小周跑过窑顶,在几个战士的配合下,扯着一根绳子下到窑院,然后贴着墙跟,抱着集束手榴弹冲到门外,拉响了手榴弹的导火索。轰的一声,窑门倒了下来。
“喊话!”赵富宾喊。韩二狗从石头后探出头来,对着窑院大声喊:“胡子,二孬,我是韩二狗,你们被包围了,快出来投降吧!解放军宽大俘虏!”
二孬焦急地望着胡子。胡子瞅了瞅身边,黑头受了重伤,在地上呻吟着,刘仙堂躲在窑后,两手里两把匕首,瞪着一双绝望的眼睛。只有二孬没有受伤,还有战斗力。

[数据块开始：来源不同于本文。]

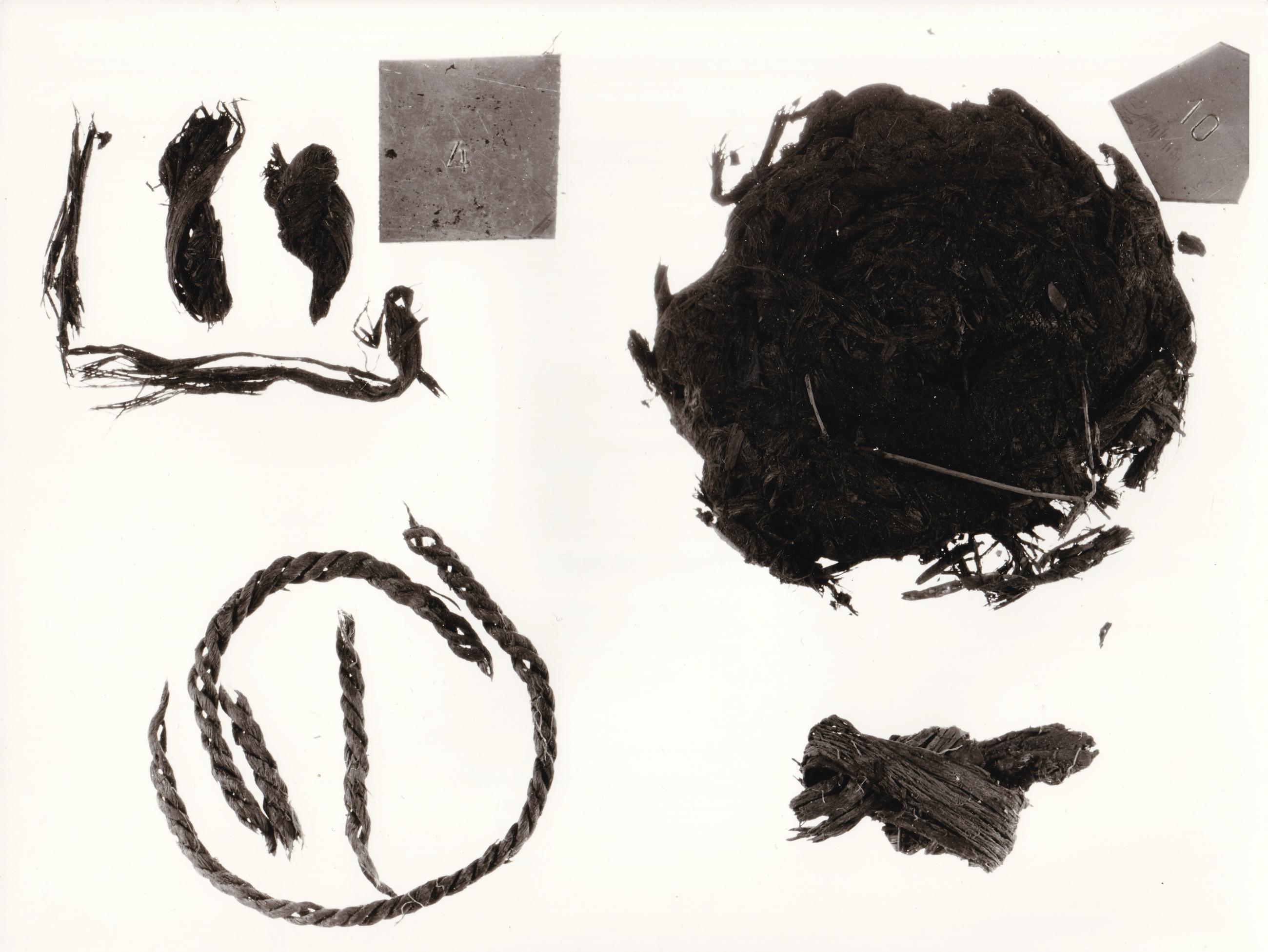 Fotodokumentation der BDA Restaurierungswerkstätten: Aufnahme von Textilresten; Kons.Nr.: 4 & 10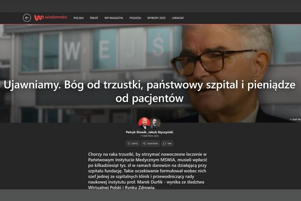 Artykuł "Ujawniamy. Bóg od trzustki, państwowy szpital i pieniądze od pacjentów" (Wirtualna Polska i Rynek Zdrowia) był najbardziej zasięgową publikacją w kwietniu – wynika z raportu "O tym się mówi", przygotowanego przez Instytut Monitorowania Mediów (IMM) we współpracy z Radiem Zet.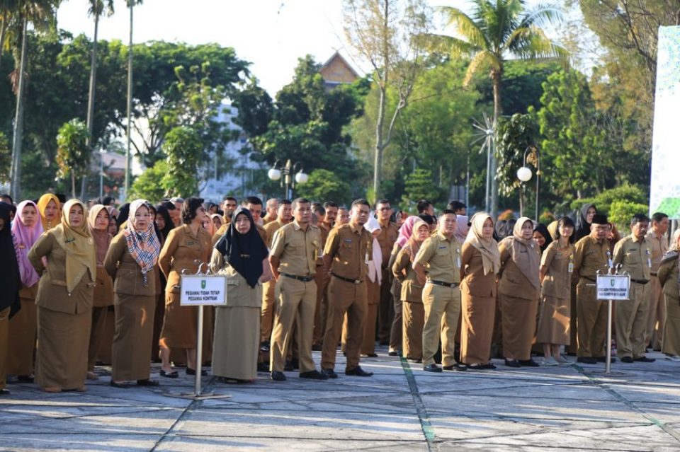Apel pagi diikuti oleh PJ SekdaProv Riau , Kepala Dinas, Aparatur Sipil Negara (ASN) serta Tenaga Harian Lepas (THL) di lingkungan Pemerintah Provinsi Riau. (*/arf)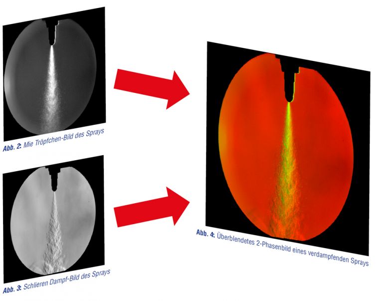 LaVision hat dafür ein robustes Imaging-System für die industrielle Anwendung konzipiert, das qualitative Informationen zu beiden Phasen liefert durch gleichzeitige Mie-Streubildaufnahmen der Tröpfchen und Schlieren-Aufnahmen der Dampfphase.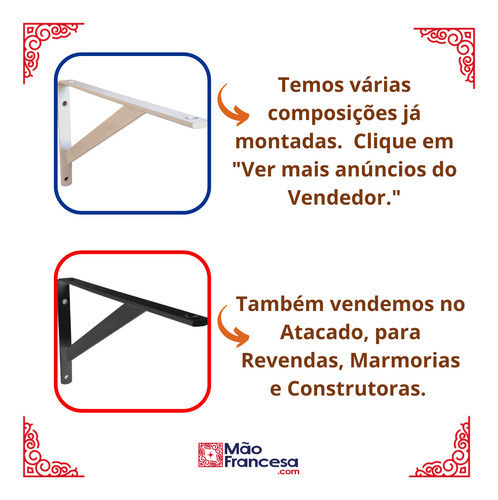 Mão Francesa Reforçada 25cm 48un Kit Suporte Para Prateleira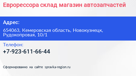 Еврорессора, склад-магазин автозапчастей по адресу 654063, Кемеровская область, Новокузнецк, Рудокопровая, 10/1 в дальнейшем Организация, размещена в следующих категориях: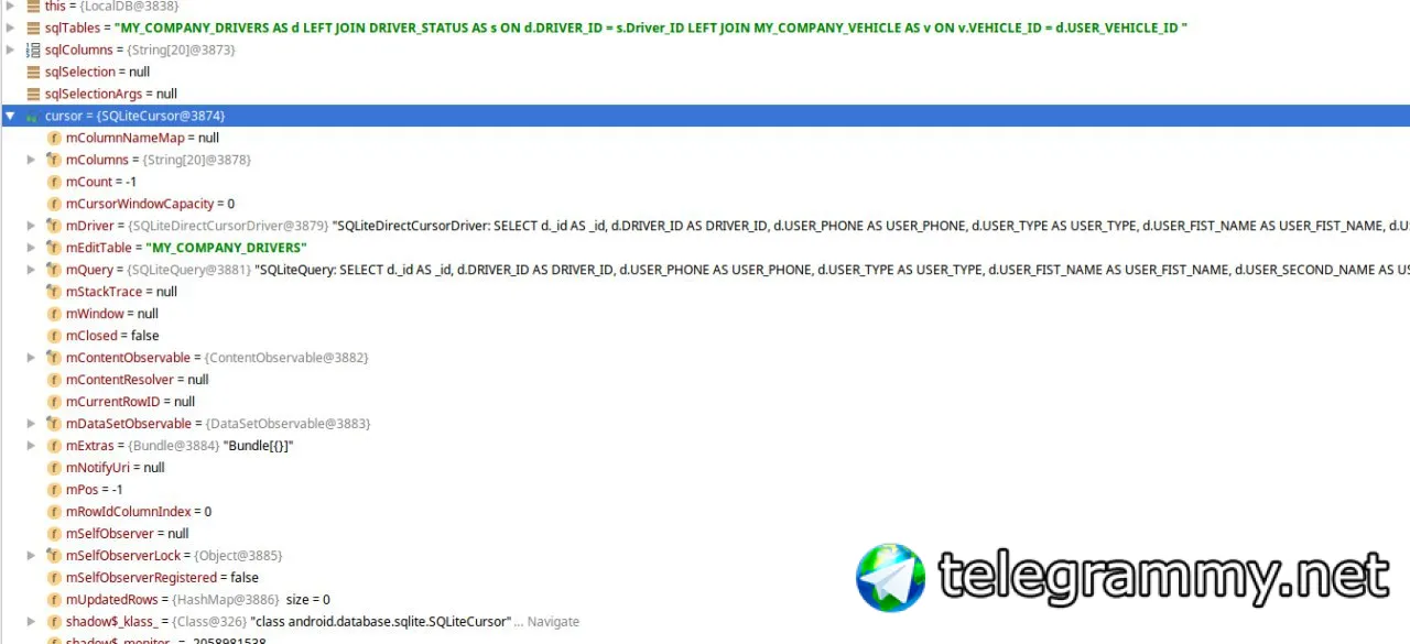 для этого я перехватываю результативный курсор и хочу глянуть, значения в этом курсоре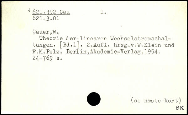 Cauer?Wo Theorie der linearen Wechseistromschal“ tungeno [Mol] o 2 , Auf lo hrsgoVoWoKlein und FoMoPelzo Berlin,, Akademie-Ver lag, 1954.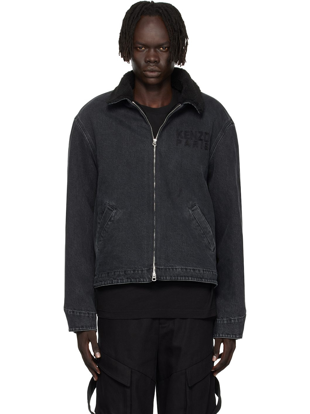 Stretch denim jacket. · Fading throughout · Sherpa fleece trim at spread collar · Two-way zip closure · Logo embroidered at chest · Welt pockets at front · Adjustable press-stud barrel cuffs · Logo graphic embroidered at back · Adjustable press-stud tabs at back hem · Patch pocket at interior · Full sherpa fleece lining Supplier color: Stone bleached black Body: 99% cotton, 1% elastane. Trim: 100% polyester. Lining: 100% polyester. Made in Tunisia 252387M177001
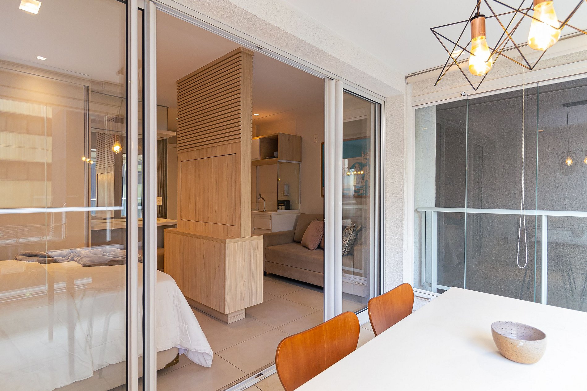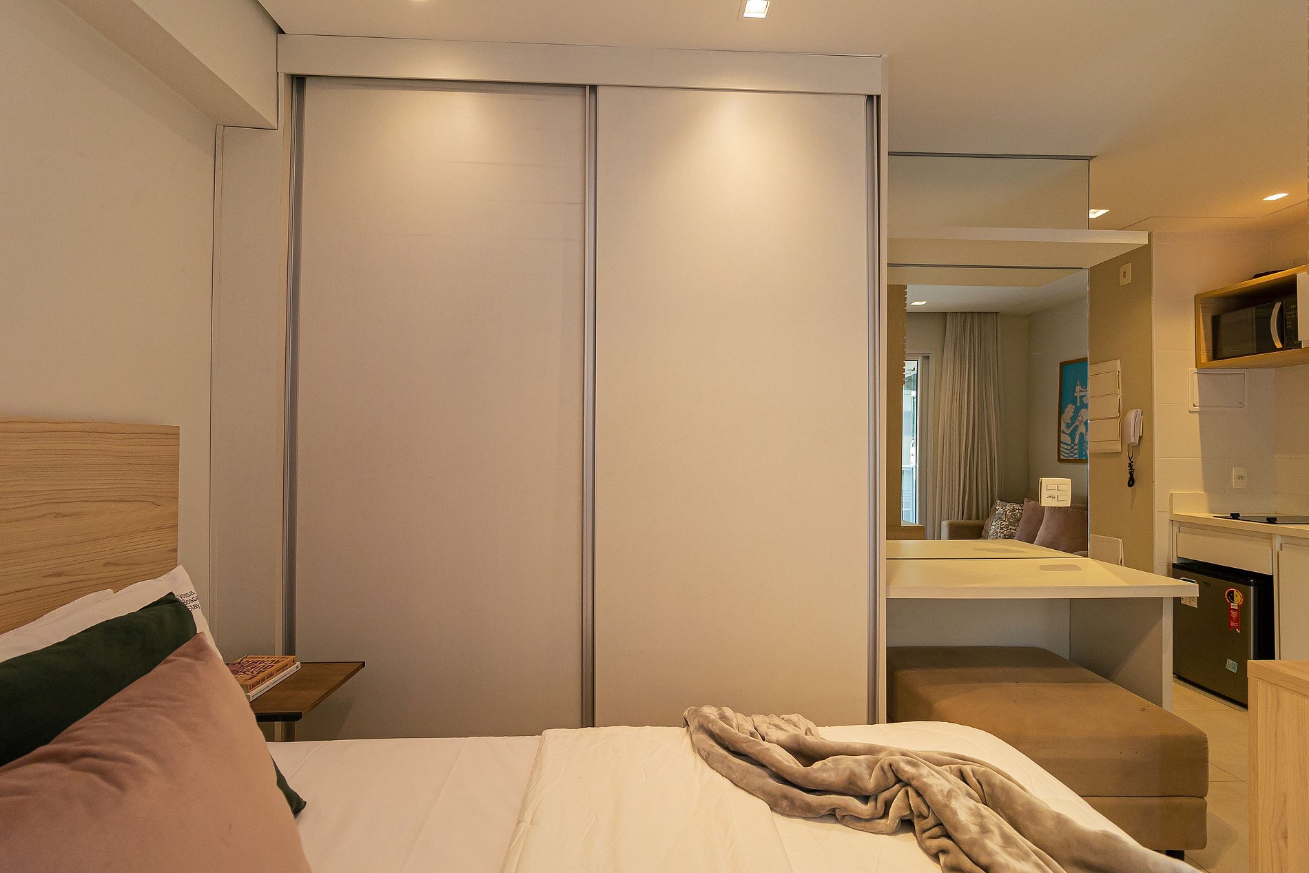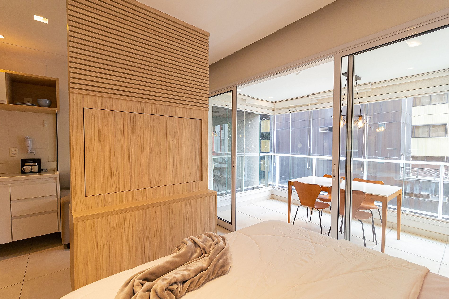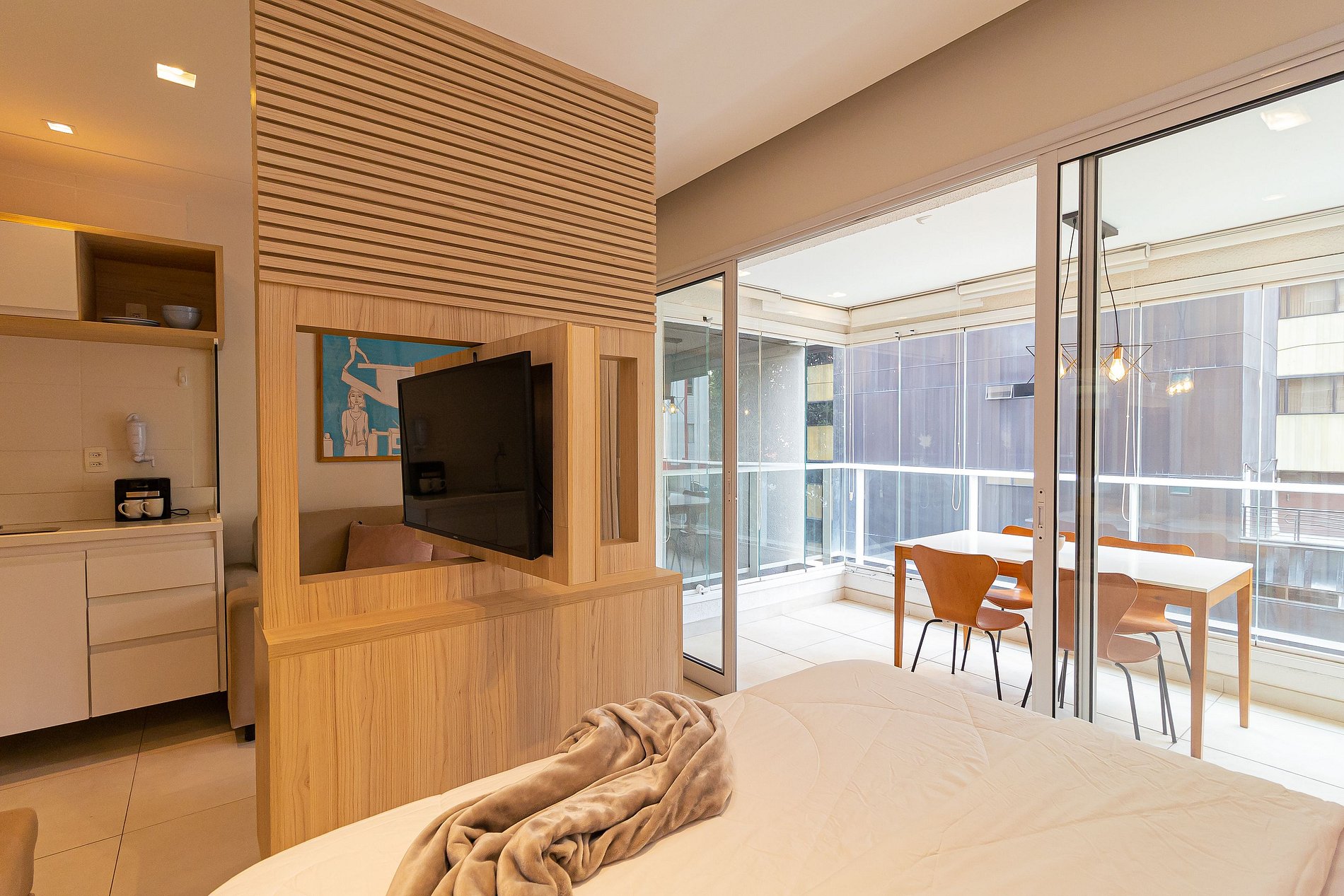 With a functional and cozy design, the studio has a balcony, 1 bedroom, bathroom, living room and kitchen, all integrated harmoniously, with neutral and woody tones that bring lightness to the space and decorative details that make all the difference. is ready for seasonal rental, with loose furniture and built-in joinery items, including: refrigerator, air conditioning, sofa, cooktop, TV, table with chairs, wardrobe and dressing table with large, illuminated mirror.

几个人脸上都被火药熏得花瓜一般。
韩二狗继续喊话:“胡子,二孬,你们被包围了,快出来投降吧!解放军……”
“团长?”二孬喊了一声。胡子恶狠狠地看二孬一眼,猛地射出一串子弹。
“再给我打!”赵富宾喊。子弹、手榴弹一齐投向窑院。有手榴弹在窑内爆炸,里边传出惨叫声。窑内,现在只剩下两个活人了,一个是二孬,一个是刘仙堂。两人都挂了彩,满脸是血。“表哥,投降吧!”二孬大声说。刘仙堂绝望地看着二孬。“表哥,解放军优待俘虏,说不定还能再活几年。您姑都七十五了,天天盼我回家呢……”“他们会放过我们?”刘仙堂盯住二孬。“试试吧,不投降只有死了!投降或许能活!”二孬说过,大声地喊起来:“长官!二狗兄弟,我们投降!我们投降了……”
枪声骤停,窑院内外异常安静。轻风吹过窑顶,有树叶悠悠落下。
脱下破烂的白上衣,二孬把它挂上枪头,举着,慢慢走出窑门。阳光正好,二孬被光线晃得直眯眼睛。
刘仙堂跟到门外,看着光膀子举着衣服走进院内的二孬,猛地甩出了手中的匕首。“啊!”二孬痛叫一声,慢慢地扭过脸来,“表哥,你、你你真……”“二孬,咱弟兄俩一块儿上路吧!”说着,举起另一把匕首要自杀。机枪响了,刘仙堂倒在了窑洞门口。
“刘仙堂完蛋了——”
“土匪完蛋了——”
兴奋的欢呼声和欢庆的鞭炮声交织在一起,平乐镇迎来了又一个盛大节日。这是真正的解放!这是真正的欢庆!打跑了老蒋,荡平了匪患,盼望了多年的太平日子像连阴了很久之后的晨曦一样射出了明丽的第一缕阳光!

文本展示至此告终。